Polędwica w pikantnym owocowym sosie 

 
1 polędwica wieprzowa
1 pomarańcza
1 biała cebula
3 ząbki czosnku
3 łyżki spicy mango chutney
sól
świeżo mielony kolorowy pieprz
wędzona papryka
mąka do obtoczenia mięsa
oliwa do smażenia
Polędwicę pozbawiamy błon i kroimy na 2-centymetrowe plastry, przyprawiamy solą, pieprzem, wędzoną papryką i obtaczamy w mące. Z pomarańczy wyciskamy sok.
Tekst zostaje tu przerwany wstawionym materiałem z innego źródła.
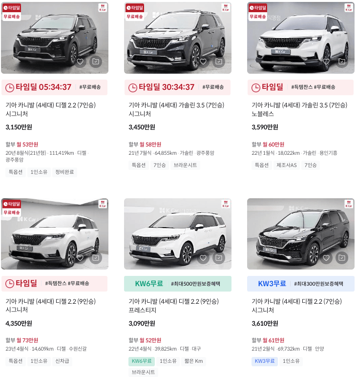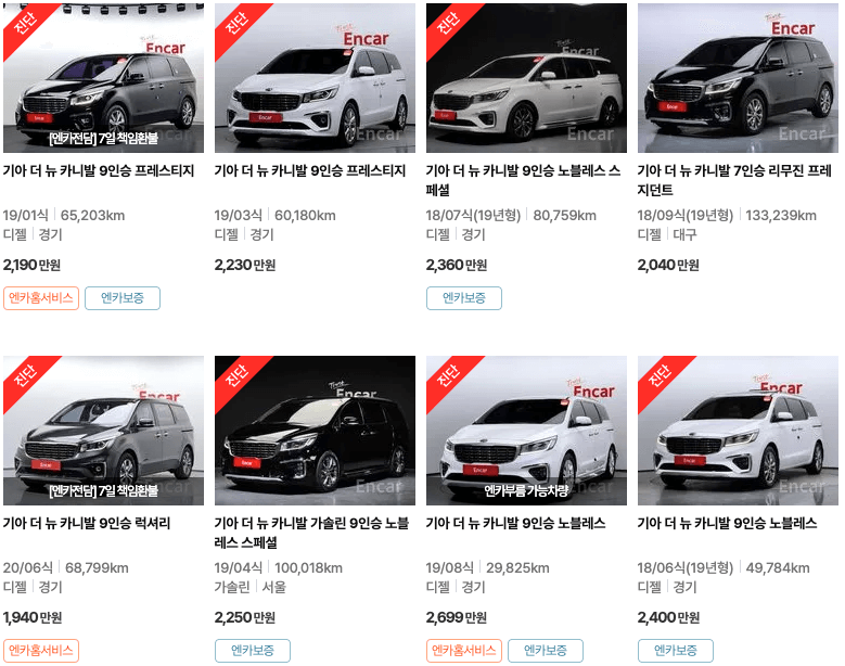 기아 카니발 중고차 가격과 시세를 모두 정리했어요. 올 뉴 그랜드, 7인승, 9인승 전 모델 반영했습니다. 모델별, 연식별 시세를 표로 정리했고요. 대형 3대 중고차 사이트 매물까지 반영했으니 카니발 중고차 구입 고려하시는 분들이라면 참고할 수 있습니다.

Cebulę kroimy w piórka, czosnek w cienkie plasterki.
Na patelni rozgrzewamy oliwę. Osmażamy mięso na rumiano. Dodajemy cebulę, czosnek i podsmażamy. Dodajemy chutney i wlewamy sok pomarańczowy, przyprawiamy solą i pieprzem. Dusimy pod przykryciem 10 minut.


Mięso podajemy z kluseczkami.
Kluseczki
250g mąki pszennej
0,5 łyżeczki soli
2 jajka
150ml mleka
Miksujemy składniki ciasta. Odstawiamy na 10 minut. W dużym garnku zagotowujemy wodę, solimy. Ciasto przecieramy przez tarkę do kluseczek lub wrzucamy małe porcje łyżką. Kiedy kluseczki wypłyną, gotujemy je minutę, jeśli są większe 2-3 minuty.